More like the mouths of calves from Keras, which die in innocence before they’re slaughtered.”*

His first thought: This is really quite good. His second – but I really better get out of here.

It was more a joke thing, that first time. A nerve-settler as he walked around the block after, playing though the sequence of events. The Retsina-play, like candy to a kid. Tch! He’d shaken his head. “Like your Mommy said, “Don’t talk to strangers!”

That was the end of their tête-à-têtes. We they’d passed each other after, they hadn’t acknowledged, although sometimes he’d felt Mr Antonapoulos’ gaze on his back, even thought he’d received curious looks from a couple of the other residents.

It’s not that he was so upset about it. He knew that this was the kind of move, the kind of nasty, drink-fuelled pass that many men made. It was just that most of the time other men don’t have to see it. He guessed, though, too that he’d probably done it before, and since, and maybe worse, and maybe younger.

As his own literary career had started, Mr Antonapoulos had become this bizarre, vaguely-guilty pain in his side. When he was on stage, or heard a poet reading, he’d felt like shouting: We’re frauds! The real King of Writing is out there, in McCullers Square … He’d thought the odd time that perhaps he should call on Mr Antonapoulos – get him an agent. What was assault, when you’re royal?

Dizzy places the invitation by his computer. He is not overly surprised to discover, when he does step out finally, that it was a fire that had done for Mr Antonapoulos. These cosmic linkages are bread and butter messages for us.
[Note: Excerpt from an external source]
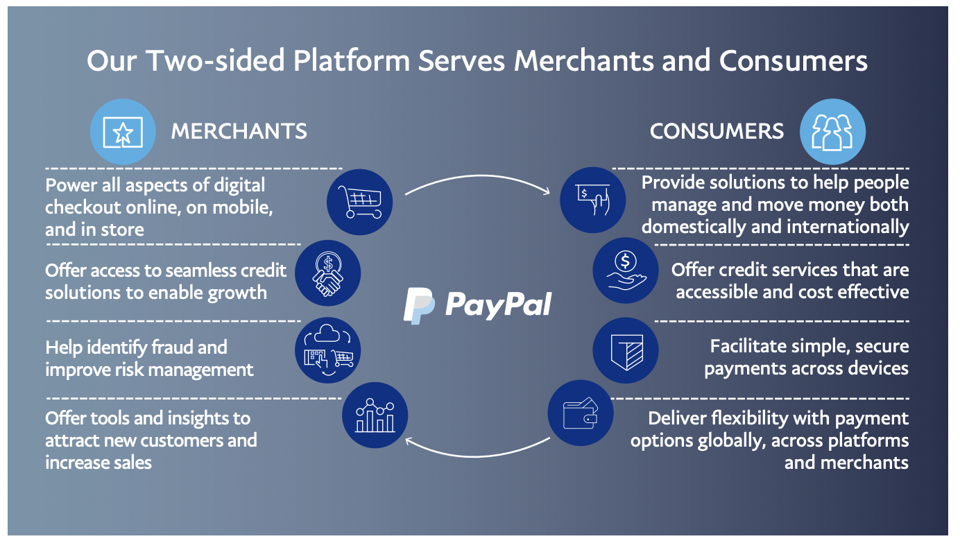 - Two-sided network—PayPal offers an end-to-end product experiences while gaining valuable insights into customer behavior.

An hour later, heavy chicken in his belly, alarm clock near, Dizzy slips in and out. A bad dream to begin with – a group of them in an old tower, then the old poet pointing, “I see fire! I see fire! The spirits of the servants,” and all four in a bed, one by one rolling over …

Are you my three, Mr A? And what would that be, precisely? Was I too late, Mr A? What rule did you? The unknown king? Other loneliness too?

I hear, saw, sex is the strongest. It always outs. Did you out anew? To the wrong, tough crew? Was it dog eat dog, Mr A? Or a bird that flew? What rule for you?

Slipping in, slipping out.

Outside, Dizzy’s dimly aware of rain, and the sound of a doorbell and boxes and bottles and excited voices and, further out in the gardens, more shouts and commands. Sounds like something.

He feels a lightening inside, despite the weather. The gardens, the Square, sound fresh to him suddenly. Virgin territory waiting to be explored, charmed, made his.

He doesn’t know if he remembered to set his alarm for the ceremony. Means to lean over, but slipping, slipping out.